ASSIGNED TASK
Pictures in the listing below are skipped, while the lines from the "Solarium, pileta y parrillero en terraza." line through the "What stood out" line are returned word for word.

DATASET
***

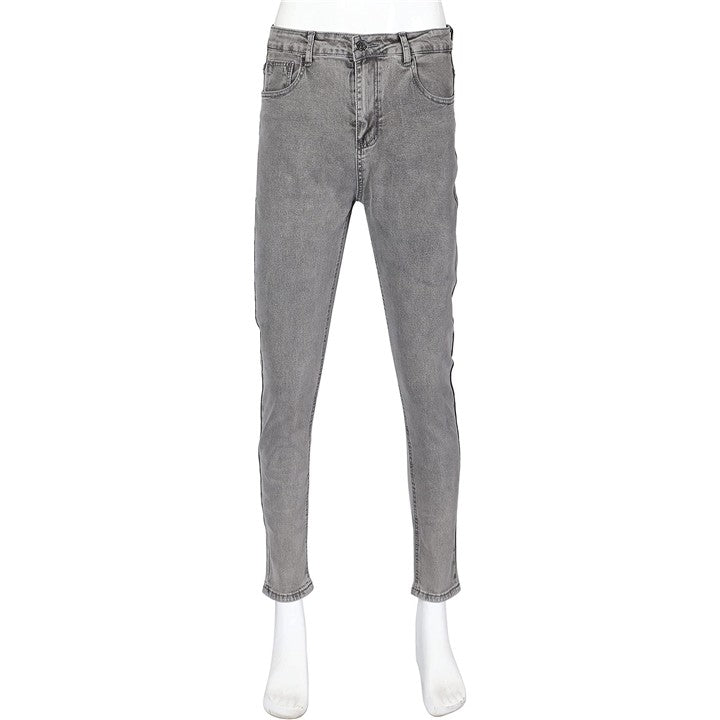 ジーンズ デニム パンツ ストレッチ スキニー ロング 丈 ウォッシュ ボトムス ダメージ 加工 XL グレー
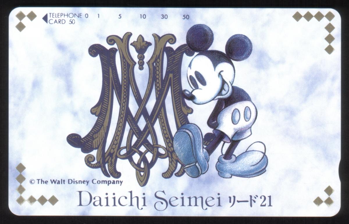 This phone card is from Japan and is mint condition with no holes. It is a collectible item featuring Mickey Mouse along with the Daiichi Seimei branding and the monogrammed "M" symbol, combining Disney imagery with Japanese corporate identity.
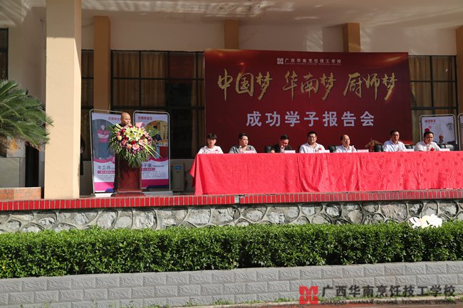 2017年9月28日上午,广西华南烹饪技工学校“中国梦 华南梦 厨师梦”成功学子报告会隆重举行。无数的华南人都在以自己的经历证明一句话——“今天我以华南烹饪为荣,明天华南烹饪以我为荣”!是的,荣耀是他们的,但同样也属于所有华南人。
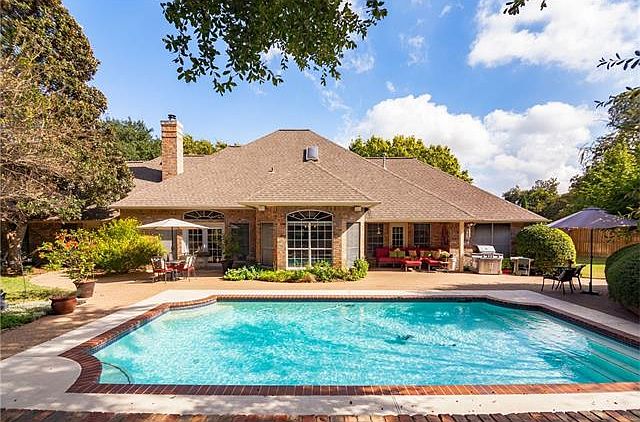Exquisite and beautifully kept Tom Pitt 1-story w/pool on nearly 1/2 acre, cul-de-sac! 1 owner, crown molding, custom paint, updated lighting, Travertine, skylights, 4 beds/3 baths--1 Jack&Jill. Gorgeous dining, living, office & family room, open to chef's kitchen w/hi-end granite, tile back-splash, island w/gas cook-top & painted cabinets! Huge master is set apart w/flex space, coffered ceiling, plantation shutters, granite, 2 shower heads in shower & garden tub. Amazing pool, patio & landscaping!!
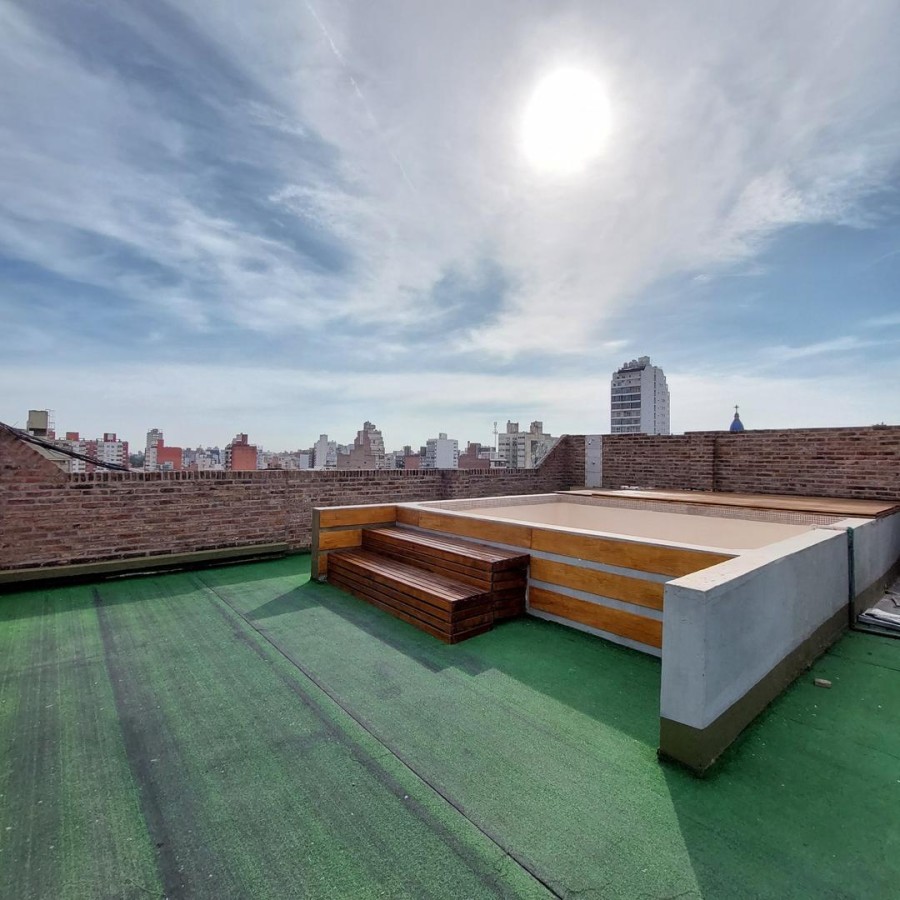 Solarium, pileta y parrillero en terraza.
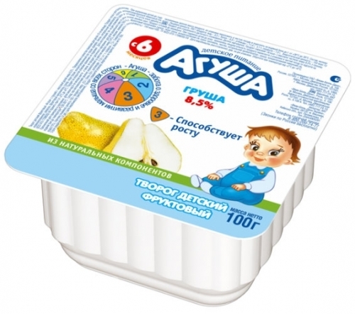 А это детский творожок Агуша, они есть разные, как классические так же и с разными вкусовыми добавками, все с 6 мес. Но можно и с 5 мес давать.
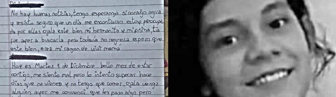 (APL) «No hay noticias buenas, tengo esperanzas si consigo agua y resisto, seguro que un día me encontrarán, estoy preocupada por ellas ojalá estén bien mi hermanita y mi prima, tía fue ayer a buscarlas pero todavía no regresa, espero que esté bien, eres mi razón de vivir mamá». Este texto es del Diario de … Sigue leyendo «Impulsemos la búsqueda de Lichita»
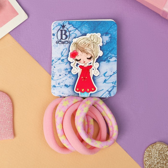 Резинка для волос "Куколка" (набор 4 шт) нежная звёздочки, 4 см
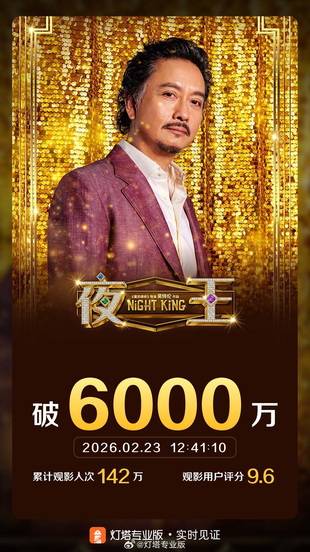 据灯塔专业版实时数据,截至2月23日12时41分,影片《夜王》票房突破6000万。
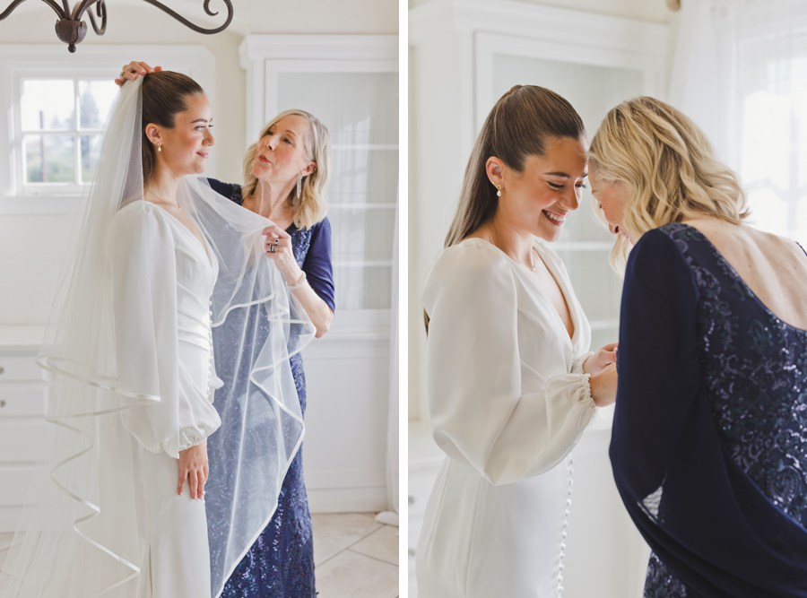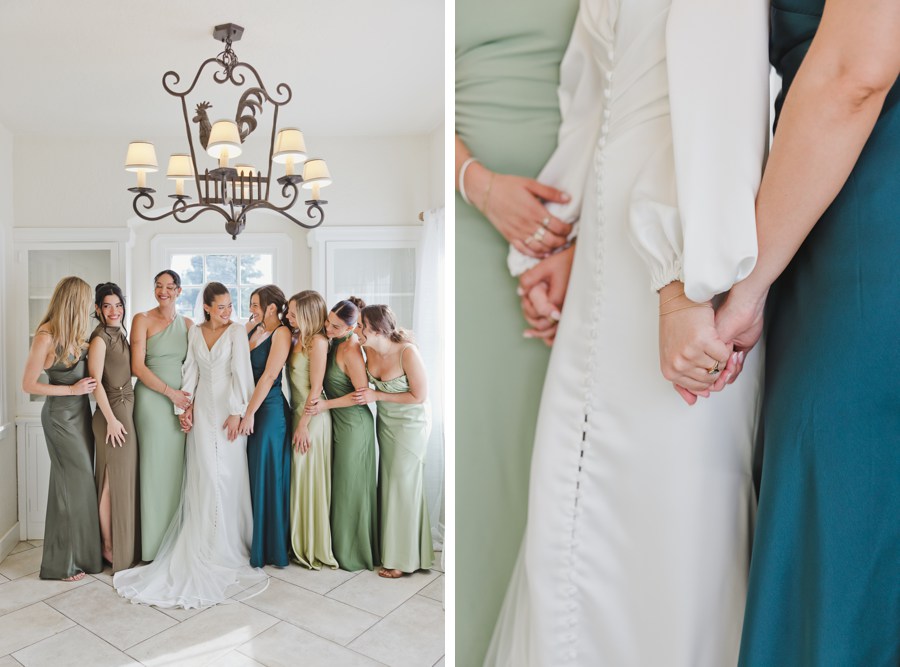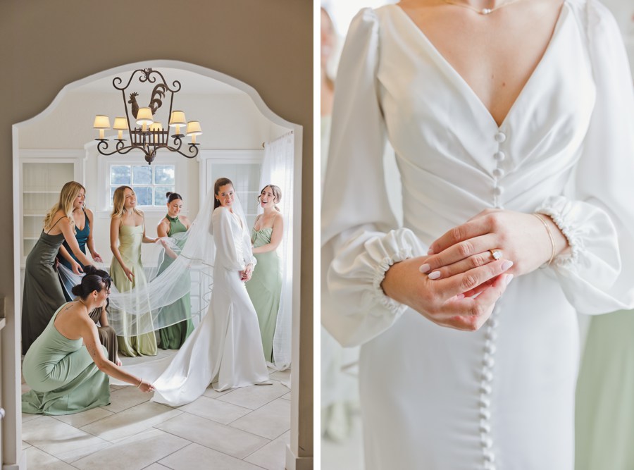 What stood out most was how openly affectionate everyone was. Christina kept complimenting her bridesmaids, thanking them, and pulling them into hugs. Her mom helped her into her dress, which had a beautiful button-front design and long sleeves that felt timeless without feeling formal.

***

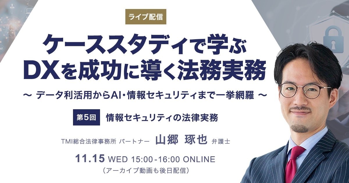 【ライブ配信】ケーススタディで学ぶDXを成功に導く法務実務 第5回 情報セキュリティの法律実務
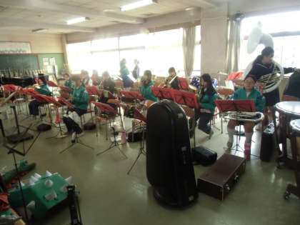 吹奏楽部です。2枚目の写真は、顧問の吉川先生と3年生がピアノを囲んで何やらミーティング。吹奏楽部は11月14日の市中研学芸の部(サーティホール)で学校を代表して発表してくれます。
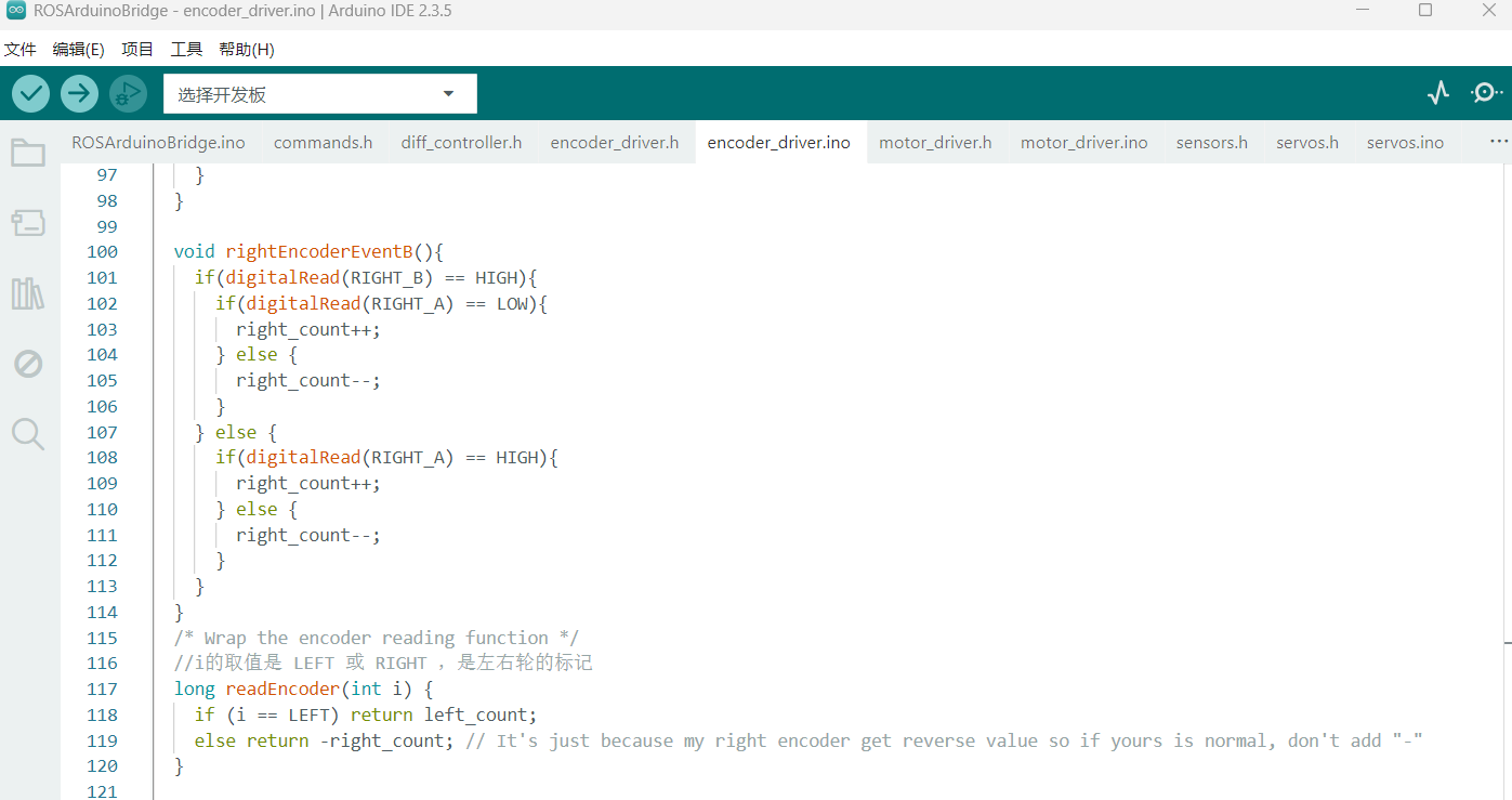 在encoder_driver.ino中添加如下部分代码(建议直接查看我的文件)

***

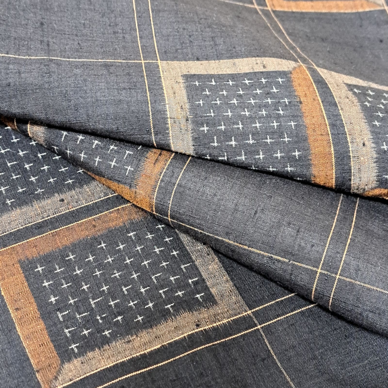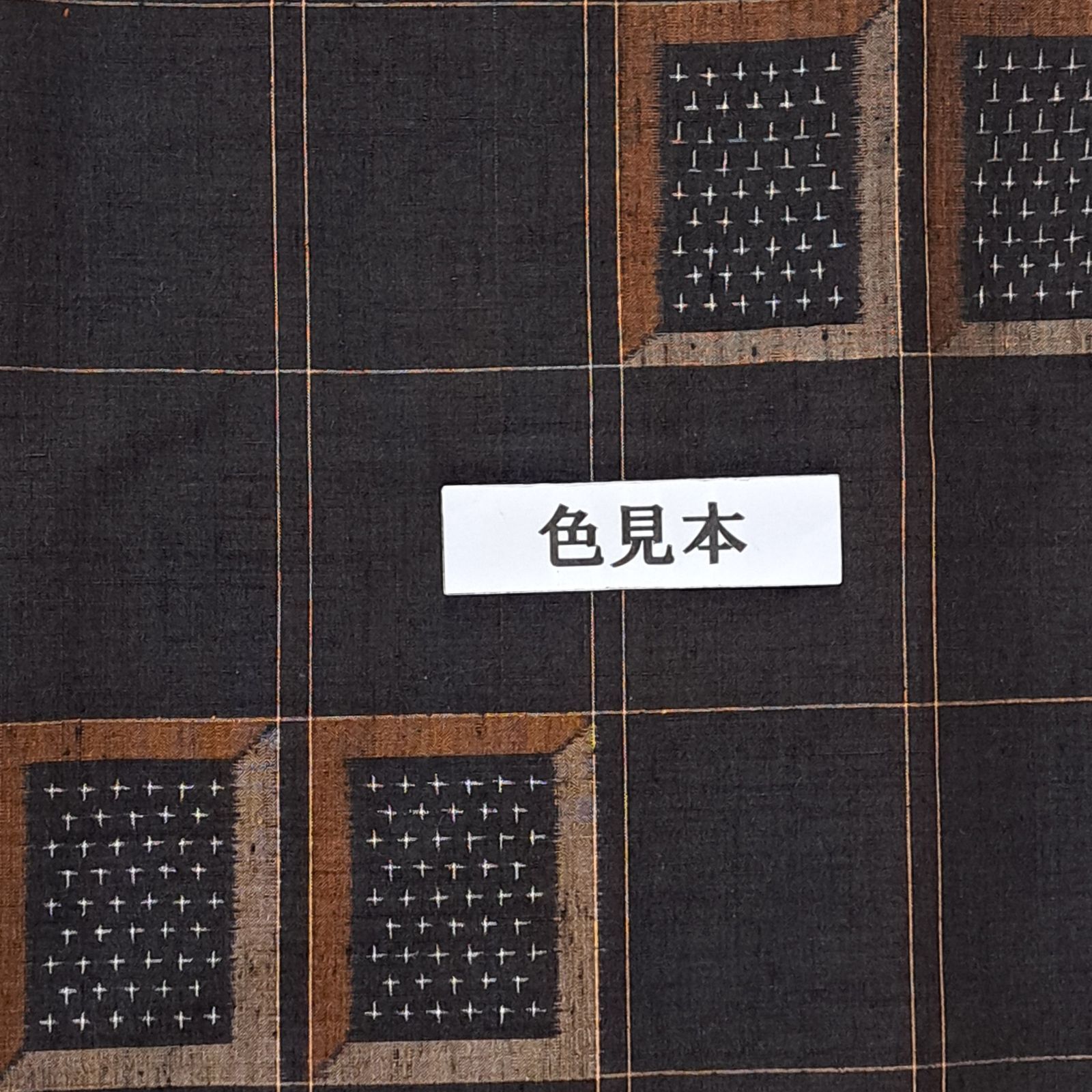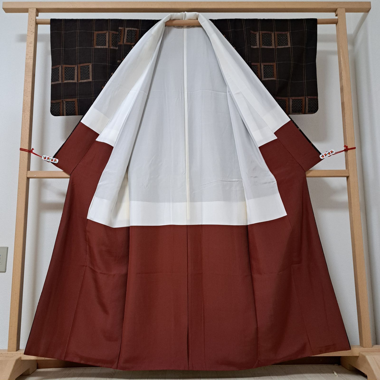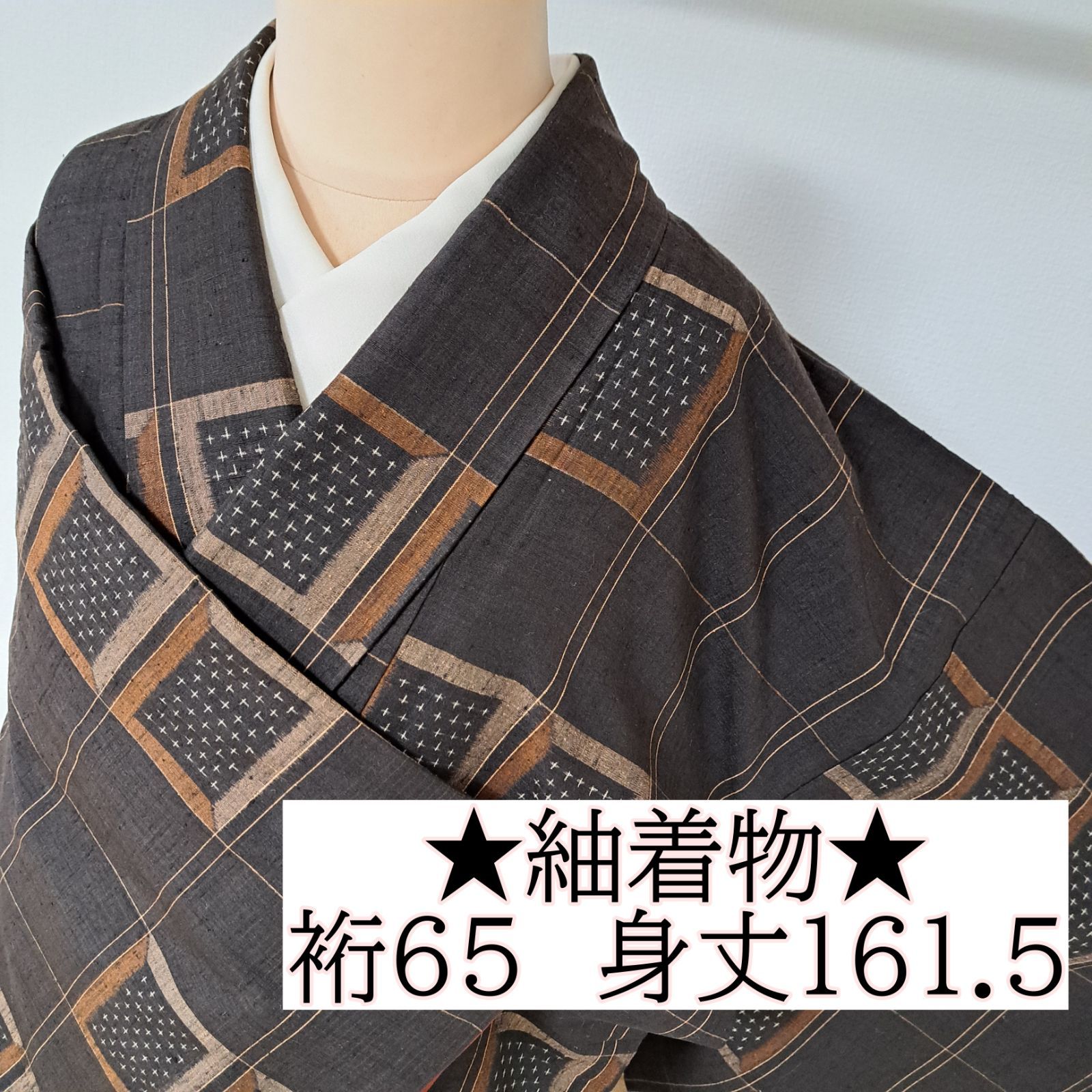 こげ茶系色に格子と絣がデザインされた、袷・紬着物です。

***

EXERCISE RESULT
 Solarium, pileta y parrillero en terraza.
 А это детский творожок Агуша, они есть разные, как классические так же и с разными вкусовыми добавками, все с 6 мес. Но можно и с 5 мес давать.
 (APL) «No hay noticias buenas, tengo esperanzas si consigo agua y resisto, seguro que un día me encontrarán, estoy preocupada por ellas ojalá estén bien mi hermanita y mi prima, tía fue ayer a buscarlas pero todavía no regresa, espero que esté bien, eres mi razón de vivir mamá». Este texto es del Diario de … Sigue leyendo «Impulsemos la búsqueda de Lichita»
 Резинка для волос "Куколка" (набор 4 шт) нежная звёздочки, 4 см
 据灯塔专业版实时数据,截至2月23日12时41分,影片《夜王》票房突破6000万。
 What stood out most was how openly affectionate everyone was. Christina kept complimenting her bridesmaids, thanking them, and pulling them into hugs. Her mom helped her into her dress, which had a beautiful button-front design and long sleeves that felt timeless without feeling formal.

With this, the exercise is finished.